The Badger Bus is an interurban bus line operating mainly in Wisconsin by Badger Coaches, Inc. It also offers charters and tours, and operates school buses under contract.

History
Founded in 1920 by Herman E. Meier to provide service between Madison and Monroe, Wisconsin, the company expanded after it was granted permission in 1946 to provide service between Madison and Milwaukee. The company may have also been known as Badger Tour and Travel. 

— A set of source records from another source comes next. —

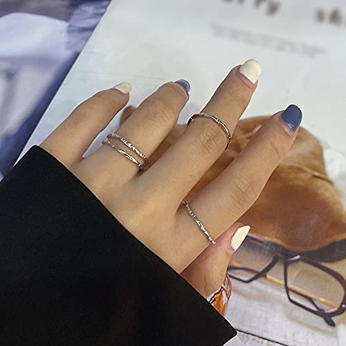 925 Sterling Silver Minimalist Hammered Textured Thin Knuckle Midi Stacking Rings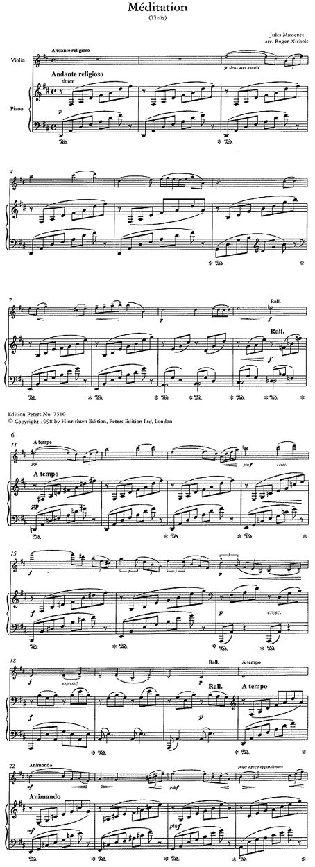 Das bei weitem berühmteste Stück des französischen Komponisten Jules Massenet, Méditation, stammt aus der Oper Thaïs, führte durch dessen Beliebtheit die Oper und auch Massenet zu großem Erfolg. In der Geschichte symbolisiert diese Melodie die Bekehrung der Hauptfigur Thaïs zum Christentum, doch ihre Melodramatik wirkt auch abseits der Bühne. Oft wird das Stück als Zugabe genutzt, oder im Gottesdienst, mit Verweis auf den Bezug zum Christentum in Thaïs. Die Meditation gibt dem Spieler eine relativ simple Basis, um in der Interpretation höchste Gefühle auszudrücken.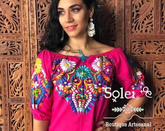 Mexican Oaxaca Embroidered Tunic Puebla Style Boho Hippy Fiesta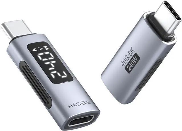 Hagibis LED Display USB C Adapter 240W 40Gbps 8K@60Hz, USB4 Connecter for Thunderbolt 4/3, iPhone 16 15 Pro Max, Current Voltage Fast Charging Monitoring Display Tester Detector (TUA04)
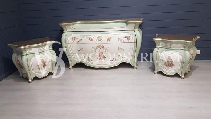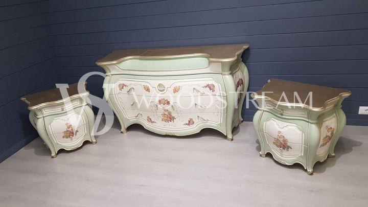 Комплект: комод с зеркалом и тумба 2 штуки в стиле венецианского барокко / Арт-И14371

In 2023, Badger Bus lost a contract with the Madison Metropolitan School District to transport its students in school buses.

Routes 
Badger Bus mainly provides intercity service from Milwaukee, Wisconsin to Madison, Wisconsin. Badger Bus also provides weekend service from Madison to Minneapolis, Whitewater, and Eau Claire.

Fleet 
As of 2015, Badger Bus has 140 vehicles with a combined capacity of 7,000 people.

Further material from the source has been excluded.